§ To do
All records should be written out again exactly.
*** Material for this exercise Section Begins ***
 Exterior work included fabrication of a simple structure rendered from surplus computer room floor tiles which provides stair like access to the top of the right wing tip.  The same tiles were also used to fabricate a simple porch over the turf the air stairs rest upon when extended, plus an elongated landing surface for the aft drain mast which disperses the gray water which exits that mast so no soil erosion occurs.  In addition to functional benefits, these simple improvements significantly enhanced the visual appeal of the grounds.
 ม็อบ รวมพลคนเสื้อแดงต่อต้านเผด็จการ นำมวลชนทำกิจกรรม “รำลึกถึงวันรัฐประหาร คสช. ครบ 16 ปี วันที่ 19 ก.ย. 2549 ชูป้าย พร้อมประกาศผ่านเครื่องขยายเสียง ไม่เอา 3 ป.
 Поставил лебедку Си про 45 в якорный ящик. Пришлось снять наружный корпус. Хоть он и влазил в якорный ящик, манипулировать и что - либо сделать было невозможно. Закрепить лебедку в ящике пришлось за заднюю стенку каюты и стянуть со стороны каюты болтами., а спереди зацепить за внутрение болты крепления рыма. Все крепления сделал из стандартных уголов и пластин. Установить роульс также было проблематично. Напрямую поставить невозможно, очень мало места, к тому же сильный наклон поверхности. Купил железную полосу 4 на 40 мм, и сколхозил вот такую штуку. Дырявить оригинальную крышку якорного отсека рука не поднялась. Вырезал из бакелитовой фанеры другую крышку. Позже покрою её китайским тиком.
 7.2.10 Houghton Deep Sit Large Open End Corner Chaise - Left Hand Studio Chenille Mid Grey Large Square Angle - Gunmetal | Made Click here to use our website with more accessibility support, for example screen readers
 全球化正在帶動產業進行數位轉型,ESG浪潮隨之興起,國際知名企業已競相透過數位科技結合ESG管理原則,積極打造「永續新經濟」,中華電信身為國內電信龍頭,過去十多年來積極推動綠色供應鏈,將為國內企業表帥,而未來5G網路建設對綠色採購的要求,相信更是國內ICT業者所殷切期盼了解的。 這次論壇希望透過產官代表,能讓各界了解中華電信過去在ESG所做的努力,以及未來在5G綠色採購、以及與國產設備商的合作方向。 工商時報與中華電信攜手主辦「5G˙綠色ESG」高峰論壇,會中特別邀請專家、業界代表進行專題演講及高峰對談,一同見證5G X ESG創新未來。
*** Material for this exercise Section Ends ***
§ Problem solution
 Exterior work included fabrication of a simple structure rendered from surplus computer room floor tiles which provides stair like access to the top of the right wing tip.  The same tiles were also used to fabricate a simple porch over the turf the air stairs rest upon when extended, plus an elongated landing surface for the aft drain mast which disperses the gray water which exits that mast so no soil erosion occurs.  In addition to functional benefits, these simple improvements significantly enhanced the visual appeal of the grounds.
 ม็อบ รวมพลคนเสื้อแดงต่อต้านเผด็จการ นำมวลชนทำกิจกรรม “รำลึกถึงวันรัฐประหาร คสช. ครบ 16 ปี วันที่ 19 ก.ย. 2549 ชูป้าย พร้อมประกาศผ่านเครื่องขยายเสียง ไม่เอา 3 ป.
 Поставил лебедку Си про 45 в якорный ящик. Пришлось снять наружный корпус. Хоть он и влазил в якорный ящик, манипулировать и что - либо сделать было невозможно. Закрепить лебедку в ящике пришлось за заднюю стенку каюты и стянуть со стороны каюты болтами., а спереди зацепить за внутрение болты крепления рыма. Все крепления сделал из стандартных уголов и пластин. Установить роульс также было проблематично. Напрямую поставить невозможно, очень мало места, к тому же сильный наклон поверхности. Купил железную полосу 4 на 40 мм, и сколхозил вот такую штуку. Дырявить оригинальную крышку якорного отсека рука не поднялась. Вырезал из бакелитовой фанеры другую крышку. Позже покрою её китайским тиком.
 7.2.10 Houghton Deep Sit Large Open End Corner Chaise - Left Hand Studio Chenille Mid Grey Large Square Angle - Gunmetal | Made Click here to use our website with more accessibility support, for example screen readers
 全球化正在帶動產業進行數位轉型,ESG浪潮隨之興起,國際知名企業已競相透過數位科技結合ESG管理原則,積極打造「永續新經濟」,中華電信身為國內電信龍頭,過去十多年來積極推動綠色供應鏈,將為國內企業表帥,而未來5G網路建設對綠色採購的要求,相信更是國內ICT業者所殷切期盼了解的。 這次論壇希望透過產官代表,能讓各界了解中華電信過去在ESG所做的努力,以及未來在5G綠色採購、以及與國產設備商的合作方向。 工商時報與中華電信攜手主辦「5G˙綠色ESG」高峰論壇,會中特別邀請專家、業界代表進行專題演講及高峰對談,一同見證5G X ESG創新未來。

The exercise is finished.